Simon Willison’s Weblog

Subscribe

Blogmarks in Feb, 2024

Filters: Type: blogmark × Year: 2024 × Month: Feb × Sorted by date


Datasette 1.0a12. Another alpha release, this time with a new query_actions() plugin hook, a new design for the table, database and query actions menus, a “does not contain” table filter and a fix for a minor bug with the JavaScript makeColumnActions() plugin mechanism. # 29th February 2024, 11:56 pm

GGUF, the long way around (via) Vicki Boykis dives deep into the GGUF format used by llama.cpp, after starting with a detailed description of how PyTorch models work and how they are traditionally persisted using Python pickle.

Pickle lead to safetensors, a format that avoided the security problems with downloading and running untrusted pickle files.

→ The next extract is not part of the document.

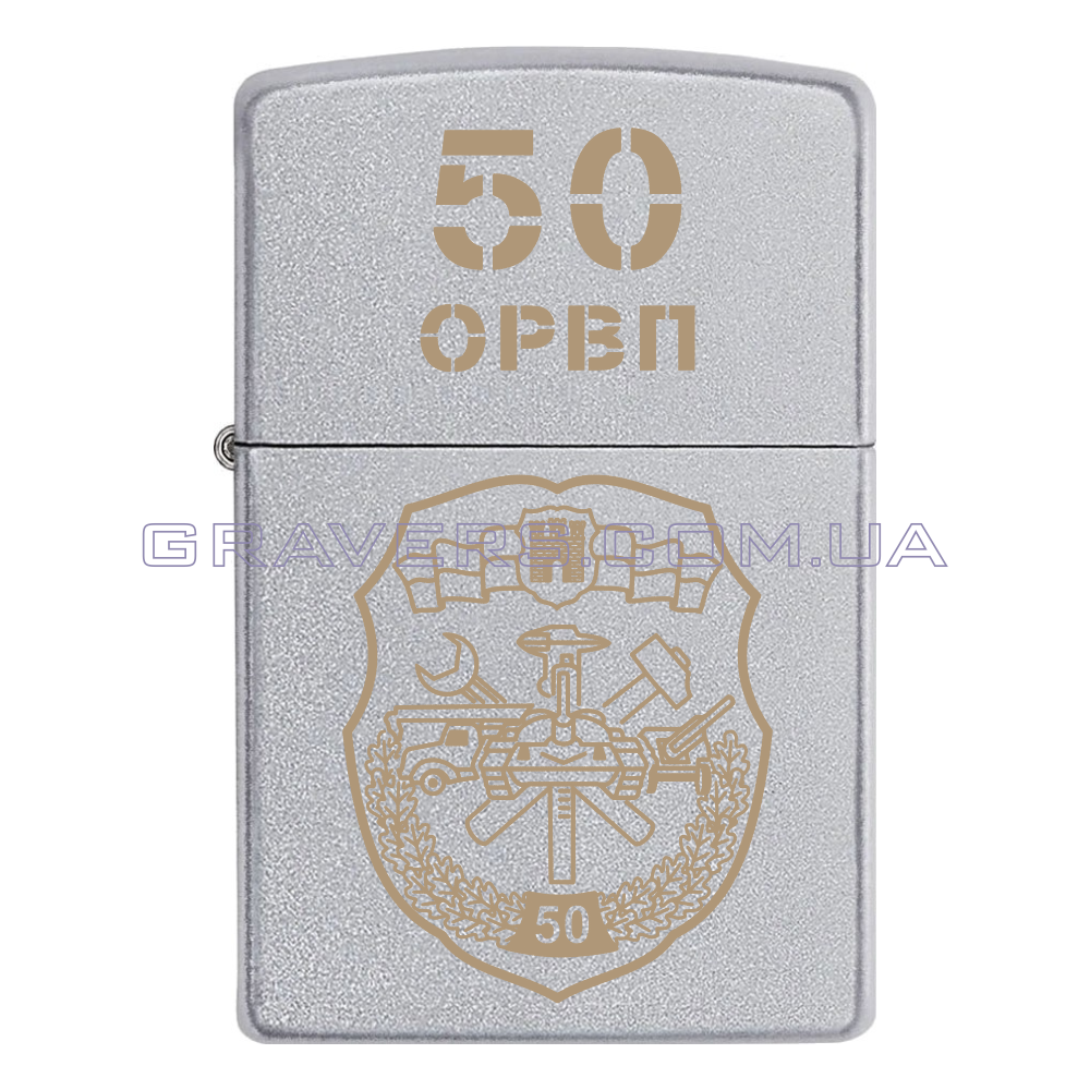 Оригінальна запальничка Zippo Classic Chrome - класична бензинова запальничка Zippo сріблястого кольору з індивідуальним гравіюванням знаку 50-й окремий ремонтно-відновлювальний полк (50 ОРВП, в/ч А1586)
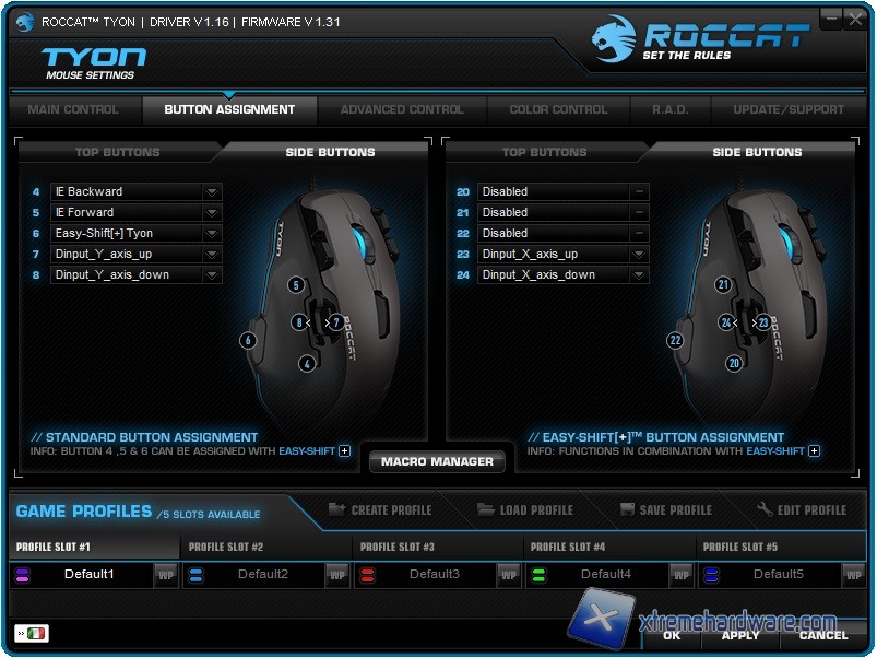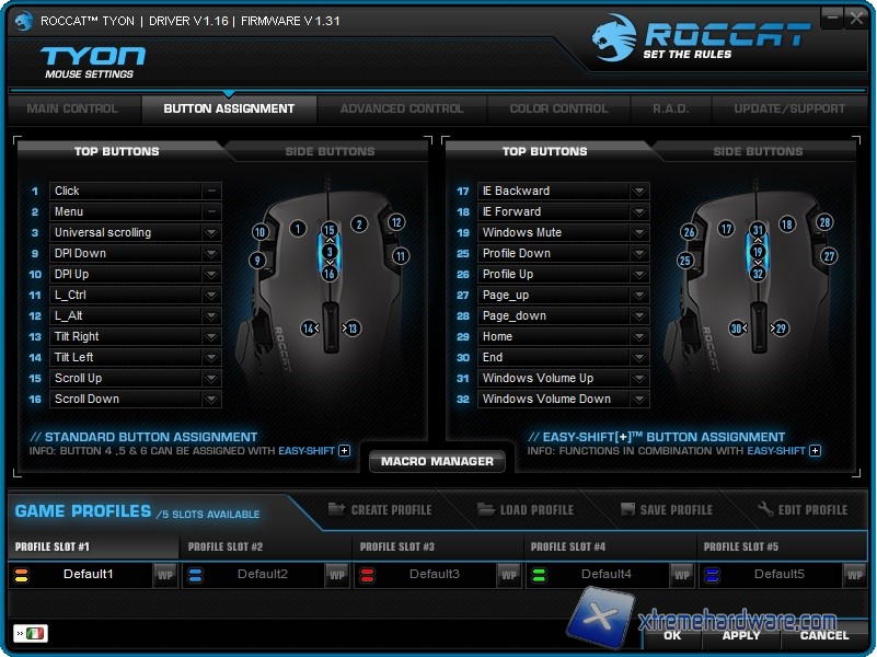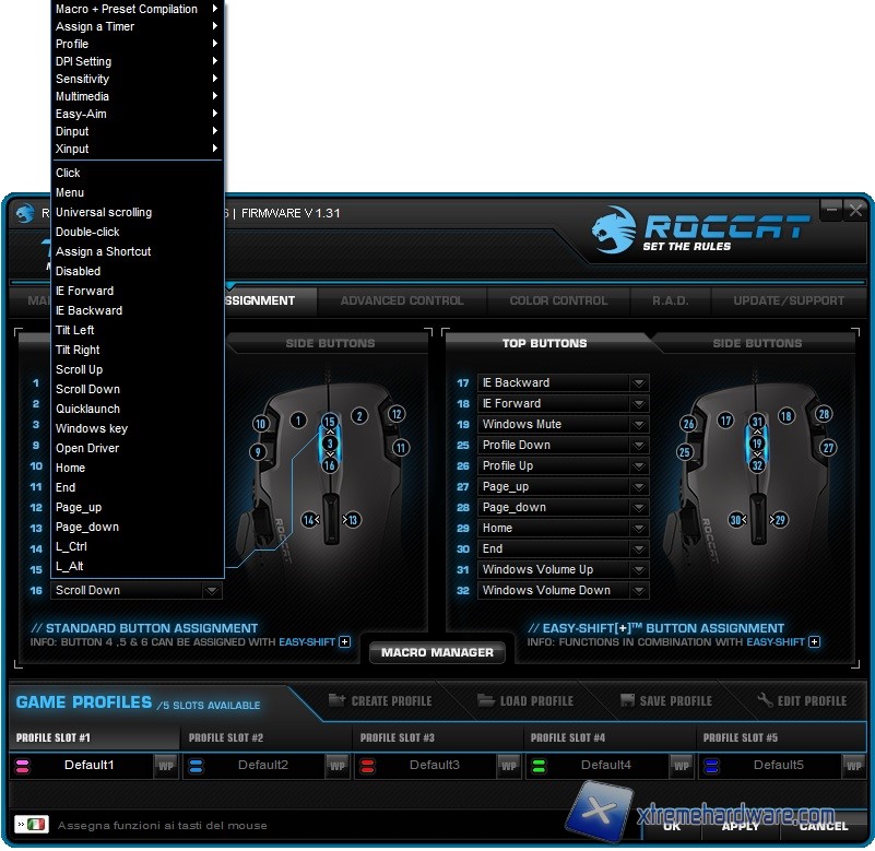 A seguire passiamo alla schermata/menù ‘’Button Assignment’’ dalla quale potremo assegnare a tutti i tasti presenti sul mouse diverse funzioni. Potremo creare Macro, assegnare funzioni multimediali e molto altro. Il Roccat Tyon è dotato di 16 tasti fisici che potranno essere raddoppiati a 32 in modo virtuale tramite la pressione del tasto speciale EasyShift+ più il tasto di nostro interesse.

Llama.cpp introduced GGML, which popularized 16-bit (as opposed to 32-bit) quantization and bundled metadata and tensor data in a single file.

GGUF fixed some design flaws in GGML and is the default format used by Llama.cpp today. # 29th February 2024, 9:39 pm

The Zen of Python, Unix, and LLMs. Here’s the YouTube recording of my 1.5 hour conversation with Hugo Bowne-Anderson yesterday.

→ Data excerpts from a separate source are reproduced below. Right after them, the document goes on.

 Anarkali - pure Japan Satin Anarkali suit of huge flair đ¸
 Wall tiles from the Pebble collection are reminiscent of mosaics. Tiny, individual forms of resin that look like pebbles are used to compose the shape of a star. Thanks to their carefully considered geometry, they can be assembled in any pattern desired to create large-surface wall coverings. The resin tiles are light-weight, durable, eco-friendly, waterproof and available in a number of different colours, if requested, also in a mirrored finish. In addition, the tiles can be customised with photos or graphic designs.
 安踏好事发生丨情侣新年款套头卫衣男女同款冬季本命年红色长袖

I fed a Whisper transcript to Google Gemini Pro 1.5 and asked it for the themes from our conversation, and it said we talked about “Python’s success and versatility, the rise and potential of LLMs, data sharing and ethics in the age of LLMs, Unix philosophy and its influence on software development and the future of programming and human-computer interaction”. # 29th February 2024, 9:04 pm

Testcontainers (via) Not sure how I missed this: Testcontainers is a family of testing libraries (for Python, Go, JavaScript, Ruby, Rust and a bunch more) that make it trivial to spin up a service such as PostgreSQL or Redis in a container for the duration of your tests and then spin it back down again.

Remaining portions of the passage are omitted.